== Required action ==
In the listing below, find the line containing "4月9日、令和8年度入学式・" and the line containing "নাটোরের নলডাঙ্গায় জাতীয়", then copy exactly everything from the first through the second, except the pictures.

== Exercise input ==
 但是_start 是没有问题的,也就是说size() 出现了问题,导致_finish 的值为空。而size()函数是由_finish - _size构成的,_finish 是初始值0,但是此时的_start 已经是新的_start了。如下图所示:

==

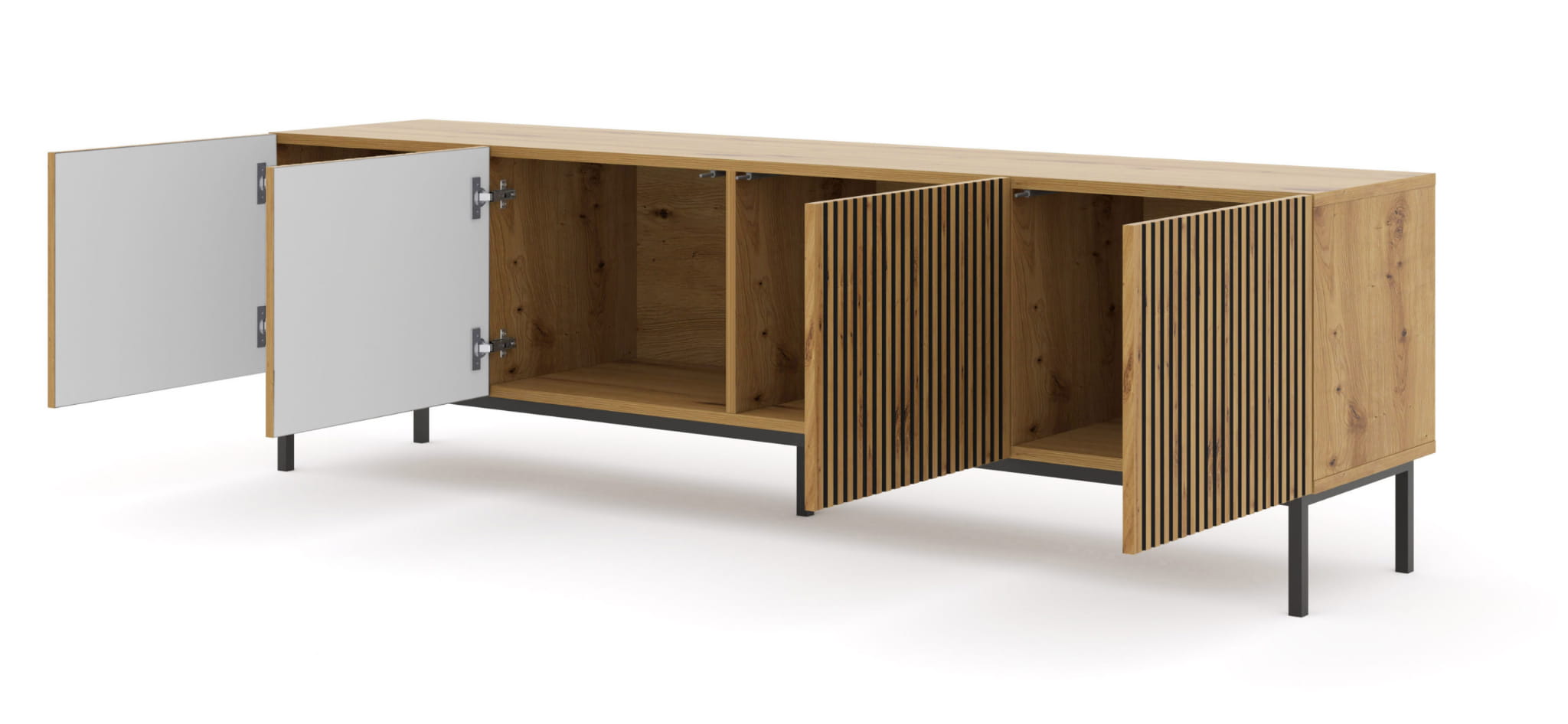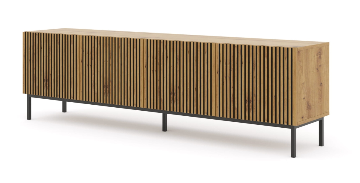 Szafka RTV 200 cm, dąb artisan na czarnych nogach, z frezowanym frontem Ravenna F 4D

...

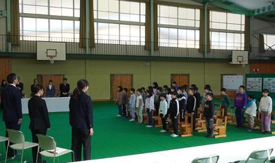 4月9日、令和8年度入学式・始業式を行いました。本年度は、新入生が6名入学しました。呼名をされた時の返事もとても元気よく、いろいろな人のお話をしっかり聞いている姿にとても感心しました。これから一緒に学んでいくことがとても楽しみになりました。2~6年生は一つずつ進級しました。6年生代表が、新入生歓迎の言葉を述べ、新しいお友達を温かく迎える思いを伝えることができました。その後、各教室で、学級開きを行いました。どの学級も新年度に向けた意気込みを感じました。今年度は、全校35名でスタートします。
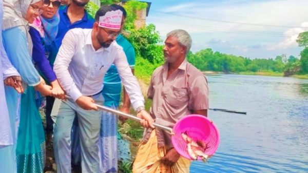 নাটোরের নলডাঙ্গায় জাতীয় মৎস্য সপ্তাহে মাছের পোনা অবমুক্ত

== Reply ==
 4月9日、令和8年度入学式・始業式を行いました。本年度は、新入生が6名入学しました。呼名をされた時の返事もとても元気よく、いろいろな人のお話をしっかり聞いている姿にとても感心しました。これから一緒に学んでいくことがとても楽しみになりました。2~6年生は一つずつ進級しました。6年生代表が、新入生歓迎の言葉を述べ、新しいお友達を温かく迎える思いを伝えることができました。その後、各教室で、学級開きを行いました。どの学級も新年度に向けた意気込みを感じました。今年度は、全校35名でスタートします。
 নাটোরের নলডাঙ্গায় জাতীয় মৎস্য সপ্তাহে মাছের পোনা অবমুক্ত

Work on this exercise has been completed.